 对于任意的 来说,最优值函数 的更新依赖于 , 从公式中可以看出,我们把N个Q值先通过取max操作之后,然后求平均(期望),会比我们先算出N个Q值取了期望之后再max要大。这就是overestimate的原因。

* * *

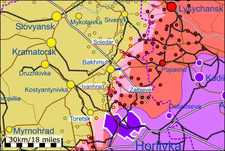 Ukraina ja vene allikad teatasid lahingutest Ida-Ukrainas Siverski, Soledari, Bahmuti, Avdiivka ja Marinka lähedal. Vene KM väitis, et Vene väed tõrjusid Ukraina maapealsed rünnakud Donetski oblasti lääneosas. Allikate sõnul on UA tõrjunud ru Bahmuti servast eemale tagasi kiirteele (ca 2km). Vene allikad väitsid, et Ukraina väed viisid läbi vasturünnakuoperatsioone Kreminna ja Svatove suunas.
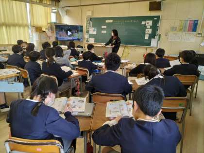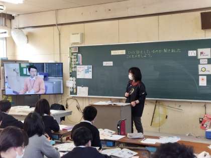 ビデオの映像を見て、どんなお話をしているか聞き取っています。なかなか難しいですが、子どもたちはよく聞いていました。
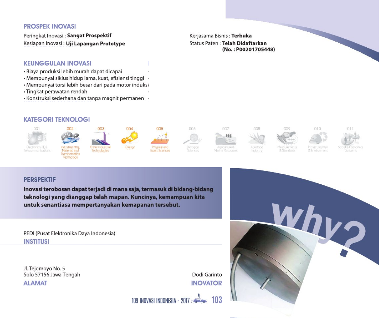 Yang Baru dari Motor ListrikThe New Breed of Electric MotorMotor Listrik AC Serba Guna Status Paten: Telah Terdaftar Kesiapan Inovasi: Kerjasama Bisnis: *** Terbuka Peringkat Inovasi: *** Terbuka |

--- Task to complete ---
Starting at the line that contains "ビデオの映像を見て、どんなお" and ending at the line that contains "Yang Baru dari", transcribe the material above exactly, excluding pictures.

--- Task response ---
 ビデオの映像を見て、どんなお話をしているか聞き取っています。なかなか難しいですが、子どもたちはよく聞いていました。
 Yang Baru dari Motor ListrikThe New Breed of Electric MotorMotor Listrik AC Serba Guna Status Paten: Telah Terdaftar Kesiapan Inovasi: Kerjasama Bisnis: *** Terbuka Peringkat Inovasi: *** Terbuka |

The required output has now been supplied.